Eminently visible, persistent and complex, buildings are artefacts people allow to enclose them rather than to control in their hands. As artefacts, they therefore bring into question control, human ability to create anew and alter the old. Bound up with control is the issue of authority: by whose standards, by what precedents, with whose skills, creation and alteration will occur. Since buildings commonly combine a public façade with a private interior, control and authority are often contested for the physical boundaries between public and private space, and their social borders. After all, buildings rise above human scale, and extend the social interaction that occurs within and around them. Paul Oliver has argued that indeed, they are of a ‘scale and complexity that exceeds all man’s other artefacts, demanding in many cases considerable investments of labour and resources’ (Oliver 1986: 113).
Those buildings that belong to a place, that express the local or regional dialect, are often called vernacular. The linguistic analogy of the vernacular speech of building and dialect is significant because it allows for comparison of grammar and syntax, as well as style or manner of expression in material and verbal forms (Oliver 1997b: xxi). It names a category of expression for the majority of the world’s buildings that come into being without schooled architects, and that in fact offer long-standing reminders of the labour and resources in a cultural environment. Drawing on the root of vernacular from the Latin vernaculus, or ‘native’, these buildings tell what is indigenous, common and shared in a community or region. Vernacular identifies buildings as social representations and links them to coherent cultural systems of values and beliefs. This point is evident in Oliver’s influential definition of vernacular architecture used in his monumental Encyclopedia of Vernacular Architecture of the World (1997a):
Vernacular architecture comprises the dwellings and other buildings of the people. Related to their environmental contexts and available resources, they are customarily owner- or community-built, utilizing traditional technologies. All forms of vernacular architecture are built to meet specific needs, accommodating the values, economies and ways of living of the cultures that produce them.
(Oliver 1997b: xxiii)
The above definition apparently is an answer to the question of visibly locating vernacular architecture in the broad global landscape.

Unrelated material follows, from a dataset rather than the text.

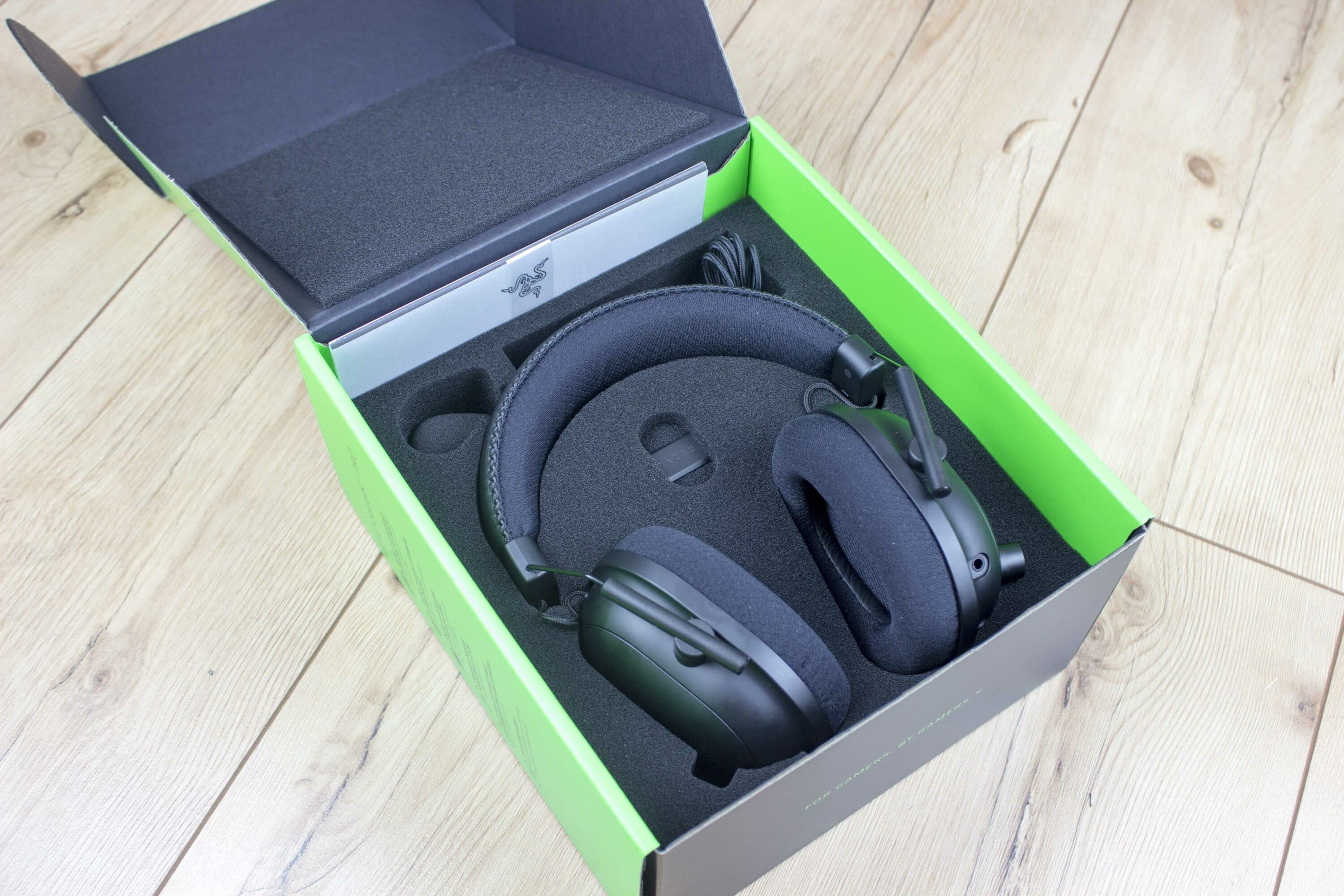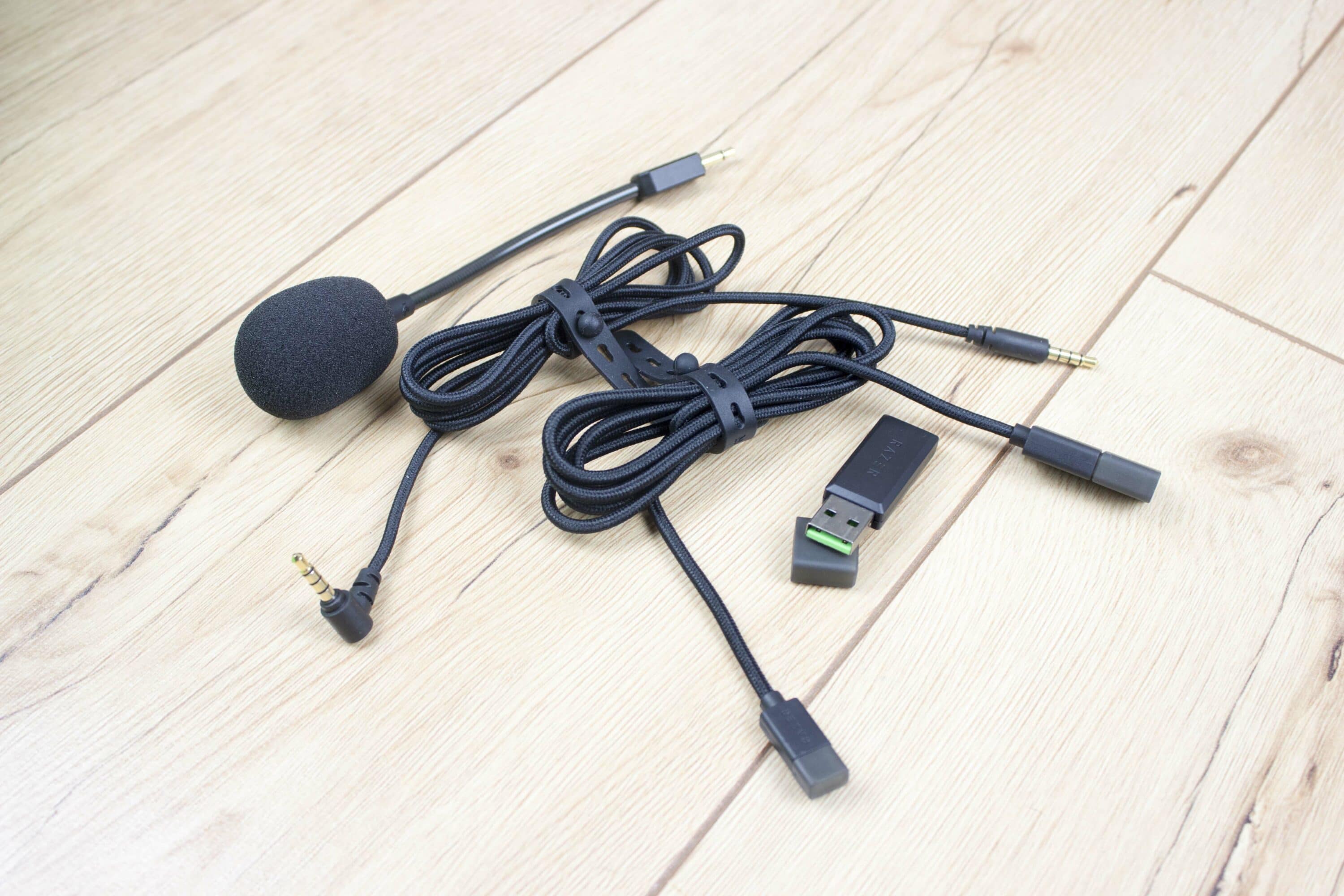 Razer ist wirklich kein Hersteller, der an imposanter Verpackung spart. Das BlackShark V2 ist wirklich gut hergerichtet und kommt mit allerlei Zubehör. Zur Verbindung mit dem PC liegt natürlich ein USB-Empfänger dabei, da das Headset kabellos ist. Möchtet ihr auf ein Kabel aber nicht verzichten oder das Headset auch an der PlayStation oder der Xbox verwenden, liegt ein vierpoliges Klinkenkabel mit dabei. Zum Aufladen des Akkus ist auch ein entsprechend langes USB-Kabel vorhanden.
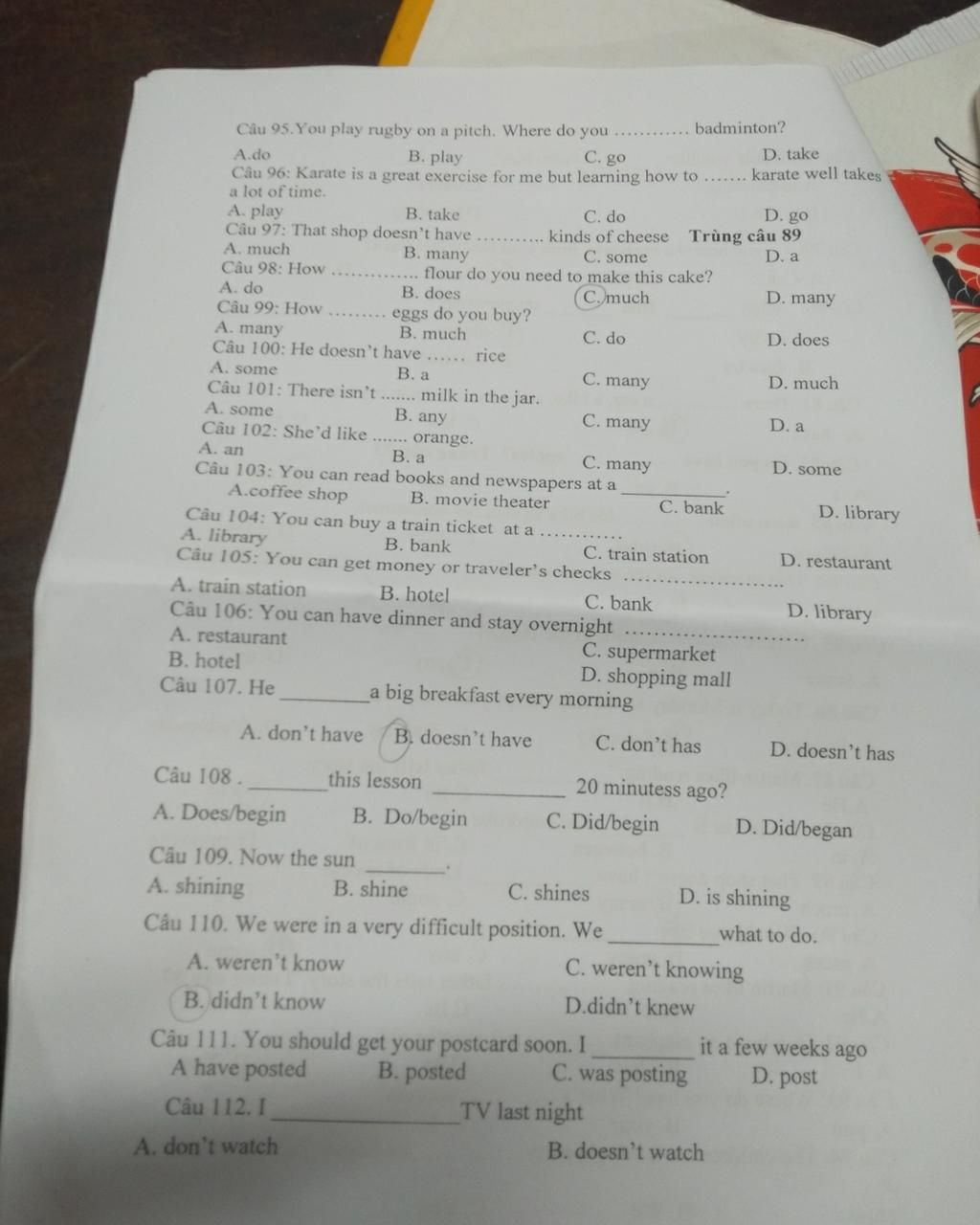 Câu 98: How

It emphasizes, after all, the building as a text within environmental contexts and available technologies. The last sentence, however, suggests another question of process, for if buildings represent the cultures that produce them, then how is it and why is it that they are produced? The answer emanates from the ways that a people’s values, ‘ways of living’ and ways of building are transmitted and inherited. In short, we are led to issues of tradition to interrogate the visibility, persistence and complexity of architecture as a problem of continuity and change. Considering tradition should allow us to answer not only textual questions of why buildings look the way they do and why they are located where they are, but also processual questions of why they came into being and how they changed along the way.
Central to the explanation of continuity and change is the control and authority by which ‘owner’ and ‘community’ conceive the public environments they see and feel, and the ones they allow to enclose them. Those thorny matters often carry a reference to tradition since decisions about the shape of the future are based on the influence of precedent. Lest one assume that vernacular architectural texts are static points on the globe, tradition takes into account the balance of individual innovation and social custom in the generation of material culture (Martin 1983; Bronner 1992, 2000a; Glassie 1993). Concern for the traditional in architecture therefore poses not only the question of what tradition is within a society or community, but even more importantly, what it does (see Riesman 1961; Shils 1971; Milspaw 1983; Glassie 1985; Rapoport 1989).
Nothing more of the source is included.